Wer auch nur im geringsten den Opfercharakter der heiligen Messe
zuändern und zu schmälern sucht, der vergreift sich an solchen
göttlichen Dingen, die außerhalb seiner Zuständigkeit liegen, und er
begeht damit ein eigentliches Sakrileg, d.h. einen Tempelraub. Der alte
lateinische Ausdruck "sacra legere" bedeutet heilige Dinge stehlen
("sammeln").
Auf dem Eucharistischen Kongreß in München 1960 suchten die
Verantwortlichen das geplante Sakrileg an der heiligen Messe durch eine
sogenannte "Agape" ("Liebesmahl") im Hofbräuhaus zu vertuschen und
schmackhaft zu machen, wobei der Abgesandte Papst Johannes' XXIII. den
Oberkellner spielen mußte.
Auch ein Papst hat nicht das geringste Recht, den Opfercharakter der
heiligen Messe zu verändern. Und hierin liegt der geistliche Frevel
Montinis und jener 99,8% der Bischöfe, die beim Zweiten Vatikanischen
Konzil die Zerstörung der hl.Messe beschlossen hatten. Ein Priester,
der die wahren Hintergedanken der neuen Liturgie nicht durchschaut, und
der sie so, wie die heutigen Bischöfe es wollen, mitmacht, ist nicht
mehr "fromm" sondern im besten Falle gedankenlos und damit unbrauchbar.

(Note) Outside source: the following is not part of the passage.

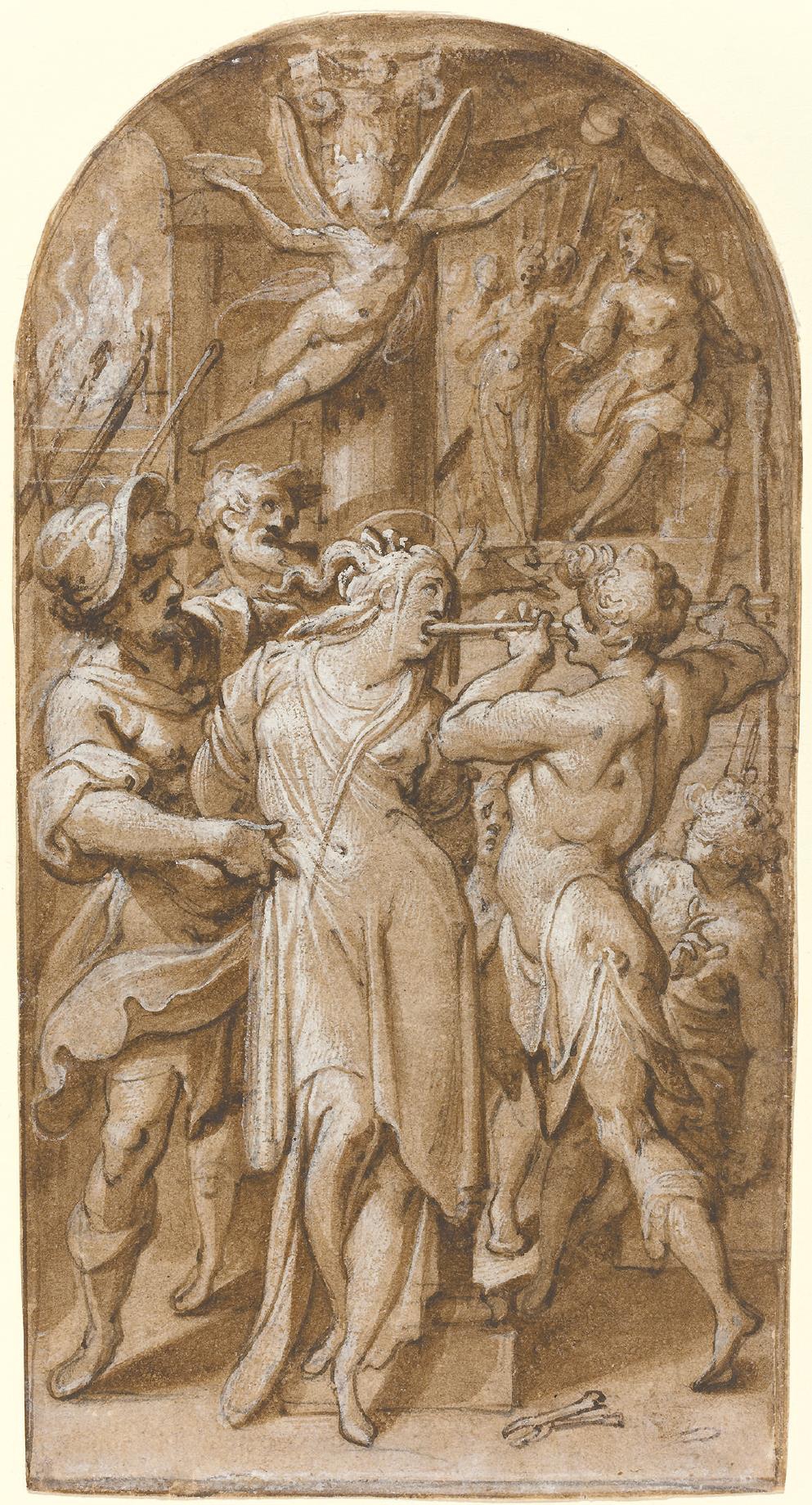雅各布·祖基(Jacopo Zucchi)《圣阿波罗尼娅殉道》,阿波罗尼娅为公元2世纪罗马著名圣徒,在亚历山大里亚被害,受到的折磨中,最著名的便是被拔光了所有牙齿。
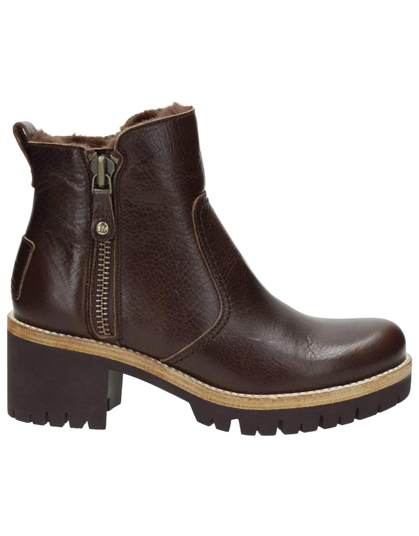 Les bottines à talon Panama Jack Pauline B15 Napa Marron conjuguent élégance urbaine et imperméabilité en cuir nubuck, avec doublure chaude, semelle anatomique amovible et talon 7,5 cm stable, fabriquées en Espagne.

Denn das erste, was ein Priester von seinen Dienstptlichten wissen muß,
ist dies, daß er Gott dem Allmächtigen ein vorgeschriebenes Opfer
darzubringen hat, und zwar ein Opfer mit voller, selbständiger
"Heilsbedeutung". Jede einzelne heilige Messe ist ein vollwertiges
Lob-, Dank-, Sühne- und Bittopfer. Im übrigen haben Karl Rahner und
Prof.Jungmann den Hebräerbrief, von dem sie reden, sehr vernachlässigt;
vgl. dazu den Aufsatz: "Die regelmäßige Feier des hl.Meßopfers im
Hebräerbrief des Apostels Paulus" (Zeichen Mariens, Juni 1970).
Der Unterschied zwischen Papst Pius V. und dem Montinipapst besteht
darin: Pius V. durfte und mußte den Opfercharakter der hl.Messe klar
hervorheben. Der Montinipapst dagegen hat kein Recht, den
Opfercharakter der heiligen Messe anzutasten. Dieses Recht hat er sich
unerlaubterweise angemaßt. Er ließ sich dazu von einem Jesuiten
verleiten, der gescheiter zu sein meinte als alle früheren Päpste.
Prof. Jungmann behauptete im Vorwort seines Buches, dieses habe sein
Entstehen den "bösen Zeiten" zu verdanken, die der Nationalsozialismus
Adolf Hitlers über die Klöster gebracht habe. Durch die
Klosteraufhebung habe Jungmann Zeit zum Schreiben des Buches bekommen.
Das Letztere mag wahr sein: Die Zeit zum Schreiben hat Jungmann auf
diese Weise bekommen. Aber das erste ist nicht wahr: Jungmanns Buoh
verdankt sein Entstehen nicht den "bösen Zeiten" sondern der bösen
Abneigung des Herrn Professors gegen die heilige Messe Papst Pius' V.
und dem Ungehorsam gegenüber Papst Pius XII., der zwei Jahre vor der
Veröffentlichung von Jungmanns Buch dessen Ideen klar und deutlich als Irrtum bezeichnet hatte (vgl. "Mediator Dei".)